__MATERIAL SUPPLIED__
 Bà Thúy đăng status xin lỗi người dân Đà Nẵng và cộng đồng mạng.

--

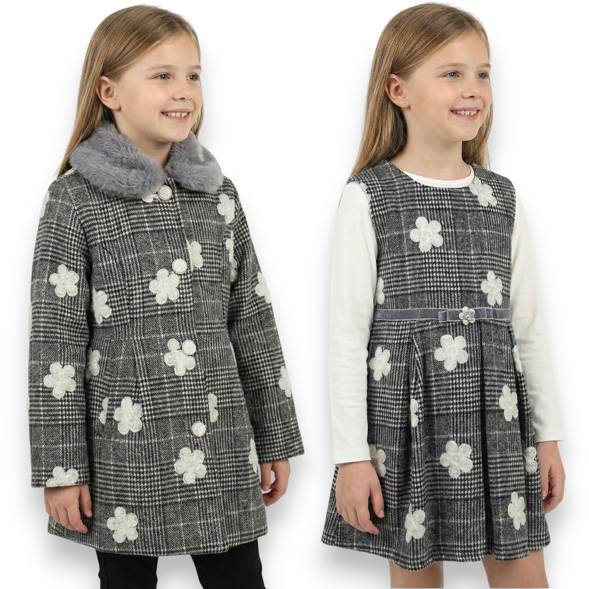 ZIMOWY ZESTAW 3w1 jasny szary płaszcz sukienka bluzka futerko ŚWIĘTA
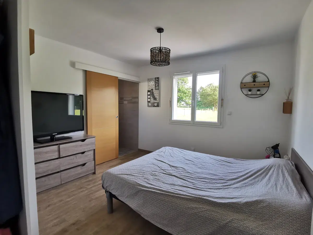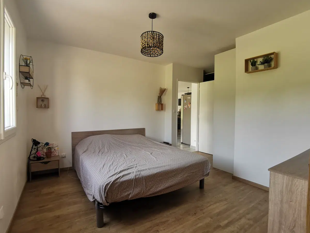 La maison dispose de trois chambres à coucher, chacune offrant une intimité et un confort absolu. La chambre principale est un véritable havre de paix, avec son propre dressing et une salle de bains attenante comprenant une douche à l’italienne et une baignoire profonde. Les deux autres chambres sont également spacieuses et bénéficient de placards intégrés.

__EXERCISE AIM__
Out of the records above, please copy exactly the lines from the line with "ZIMOWY ZESTAW 3w1" up to and including the line with "La maison dispose", minus the pictures.

__TASK OUTPUT__
 ZIMOWY ZESTAW 3w1 jasny szary płaszcz sukienka bluzka futerko ŚWIĘTA
 La maison dispose de trois chambres à coucher, chacune offrant une intimité et un confort absolu. La chambre principale est un véritable havre de paix, avec son propre dressing et une salle de bains attenante comprenant une douche à l’italienne et une baignoire profonde. Les deux autres chambres sont également spacieuses et bénéficient de placards intégrés.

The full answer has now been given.